### Aim of the exercise
Your reply should be the whole listing, copied exactly, with the pictures left out.

■ ■ ■ ■ ■ ■ ■

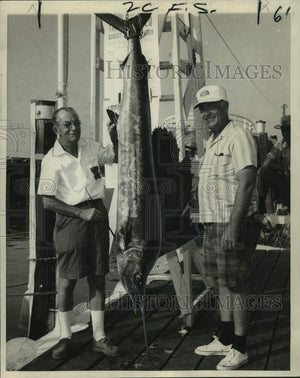 E. L. Van Every, right, Jackson, Mississippi, is shown with weightmaster Marion Higgins checking in his rodeo record-breaking sailfish. The 67 1/2 pound sailfish caught Thursday in the Empire-South Pass Tarpon Rodeo broke the record of 62 pounds set in 1965 by Bill Winn of Baton Rouge.
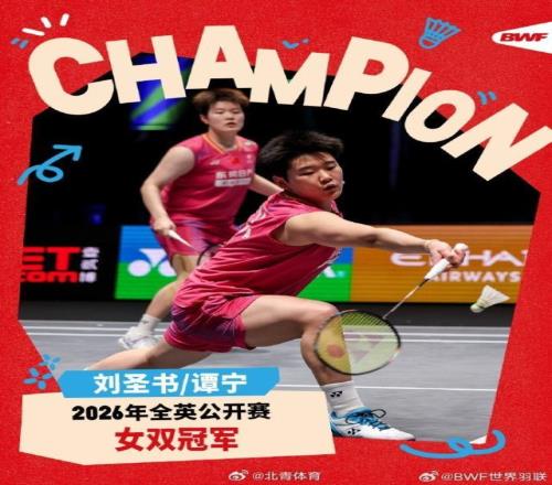 羽毛球全英公開賽女雙決賽,譚寧/劉聖書2比0戰勝李紹希/白荷娜,奪得冠軍。比分:21比18、21比12。
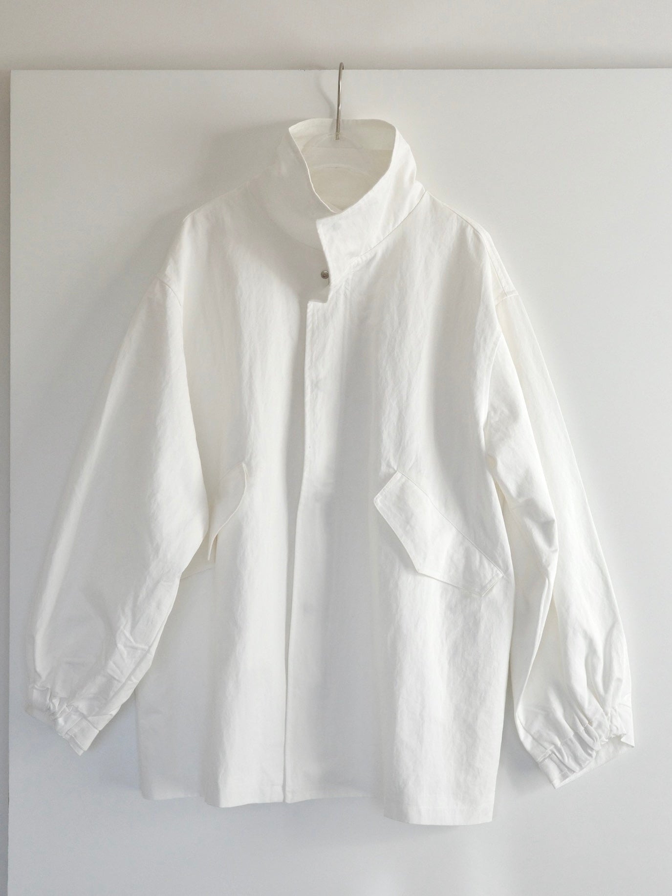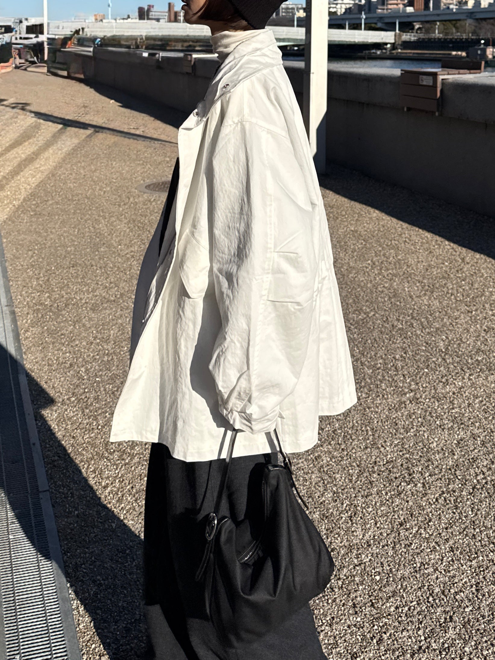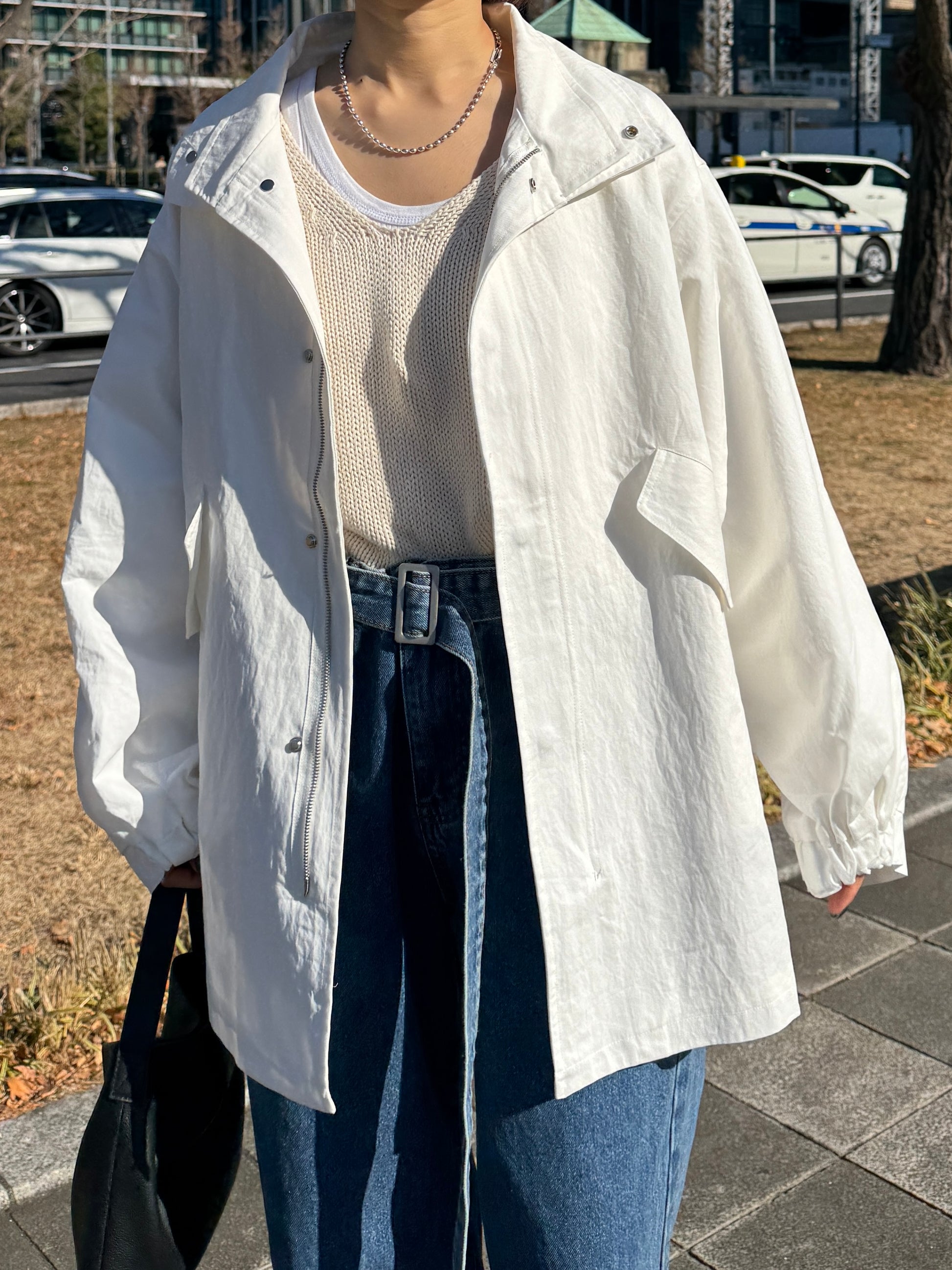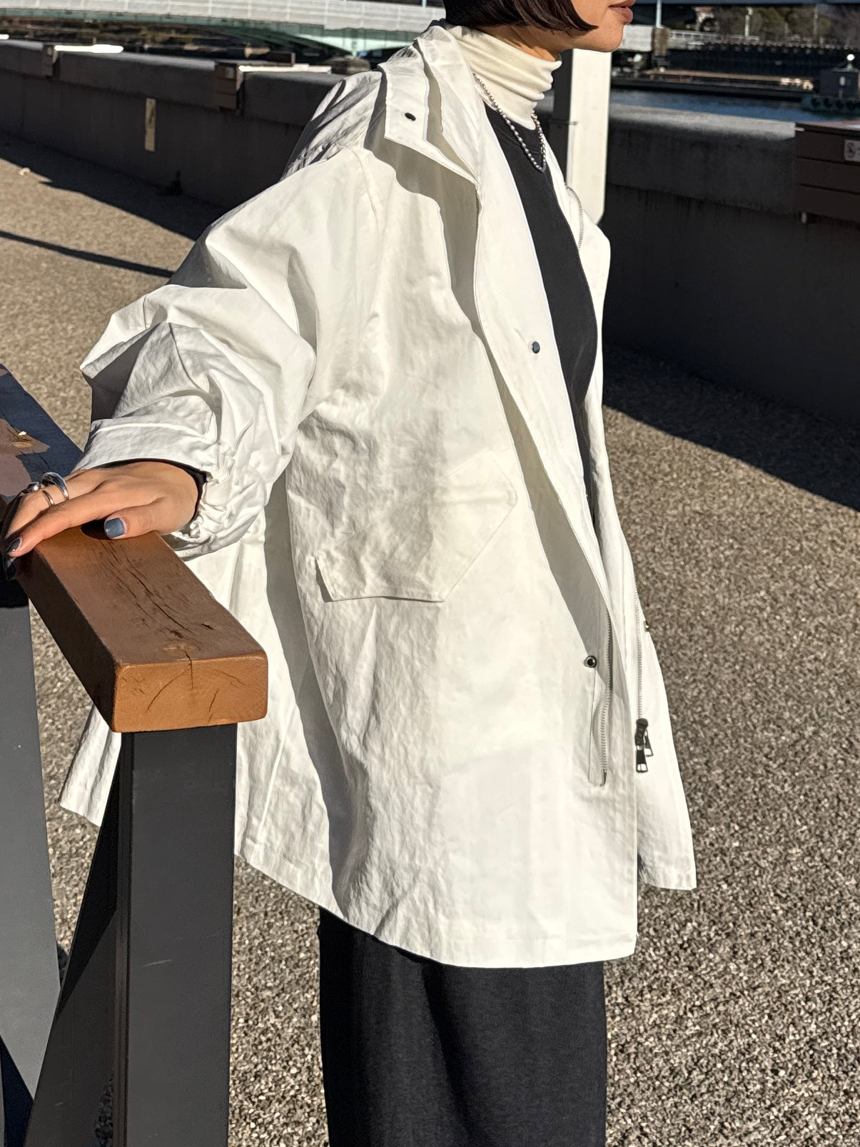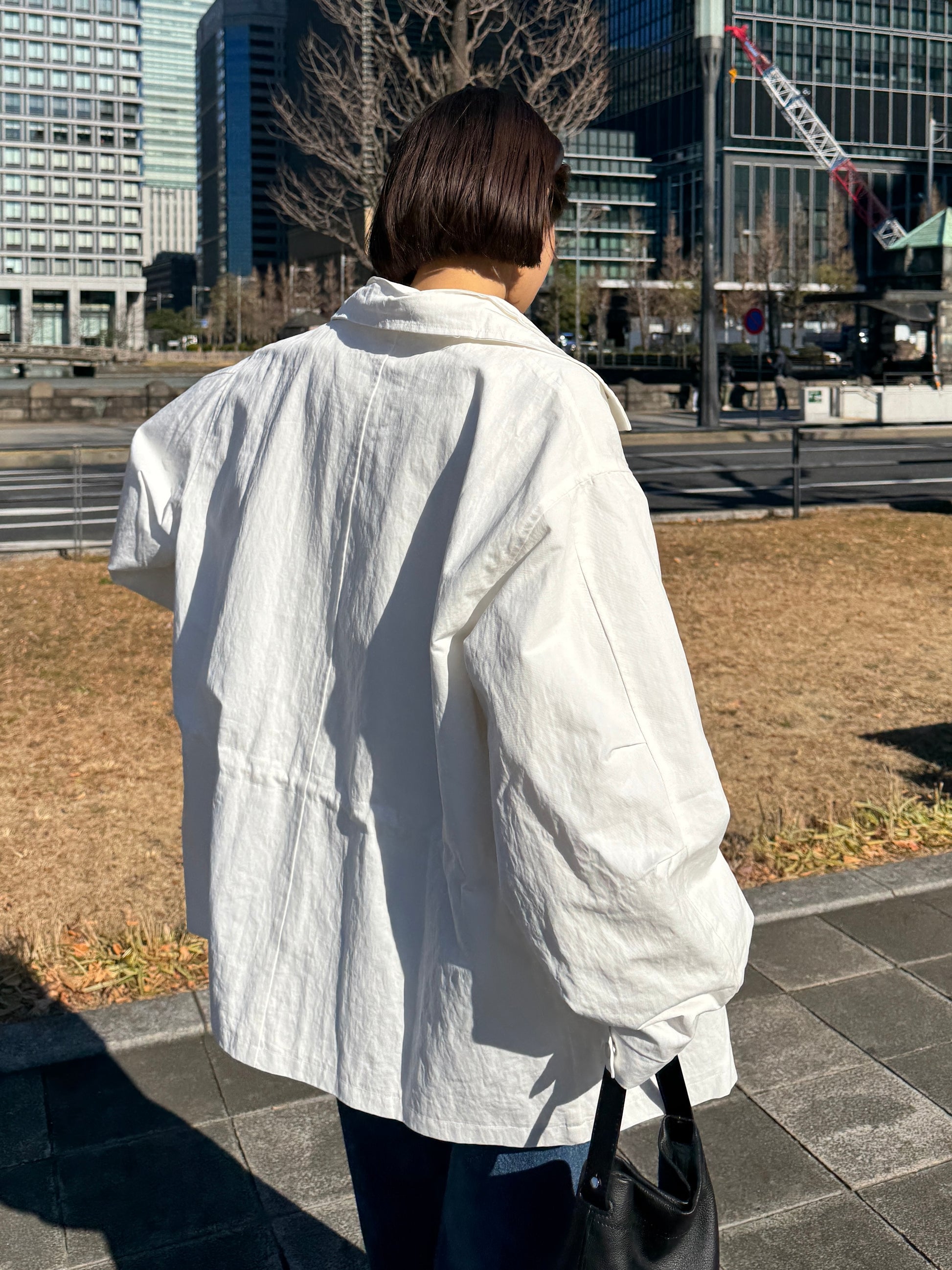 軽やかな表情のホワイトカラーが、春の装いにすっとなじむライトアウター。 コットンとナイロンを織り交ぜた素材で、程よいハリと軽さを感じる着心地に仕上げました。 首元は立ち上がりすぎないスタンドカラー仕様で、顔まわりをすっきりと見せつつ程よい存在感をプラス。 フロントはスナップボタンとファスナーのダブル仕様になっており、開け方次第で印象を変えられるのも魅力です。 ウエスト内側にはさりげなくドローストリングを施し、絞ることでシルエットにメリハリを。 後ろ姿にも自然な立体感が生まれ、カジュアルながら女性らしいバランスに仕上がります。 ふんわりと丸みのある袖デザインが、全体の印象をやわらかく演出し、シンプルながらも表情のある1着。
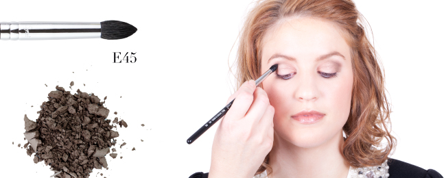 2. Apply the shade ‘Hitch’ directly into the crease using the E45 brush.
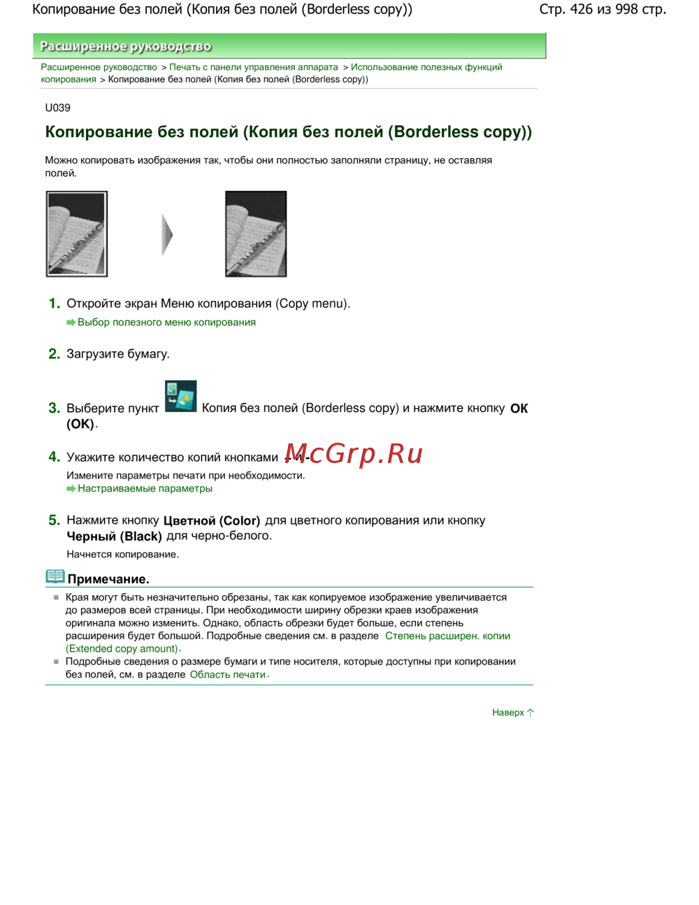 Стр. 426 из 998 стр.Копирование без полей (Копия без полей (Borderless copy))

■ ■ ■ ■ ■ ■ ■

### Task output
 E. L. Van Every, right, Jackson, Mississippi, is shown with weightmaster Marion Higgins checking in his rodeo record-breaking sailfish. The 67 1/2 pound sailfish caught Thursday in the Empire-South Pass Tarpon Rodeo broke the record of 62 pounds set in 1965 by Bill Winn of Baton Rouge.
 羽毛球全英公開賽女雙決賽,譚寧/劉聖書2比0戰勝李紹希/白荷娜,奪得冠軍。比分:21比18、21比12。
 軽やかな表情のホワイトカラーが、春の装いにすっとなじむライトアウター。 コットンとナイロンを織り交ぜた素材で、程よいハリと軽さを感じる着心地に仕上げました。 首元は立ち上がりすぎないスタンドカラー仕様で、顔まわりをすっきりと見せつつ程よい存在感をプラス。 フロントはスナップボタンとファスナーのダブル仕様になっており、開け方次第で印象を変えられるのも魅力です。 ウエスト内側にはさりげなくドローストリングを施し、絞ることでシルエットにメリハリを。 後ろ姿にも自然な立体感が生まれ、カジュアルながら女性らしいバランスに仕上がります。 ふんわりと丸みのある袖デザインが、全体の印象をやわらかく演出し、シンプルながらも表情のある1着。
 2. Apply the shade ‘Hitch’ directly into the crease using the E45 brush.
 Стр. 426 из 998 стр.Копирование без полей (Копия без полей (Borderless copy))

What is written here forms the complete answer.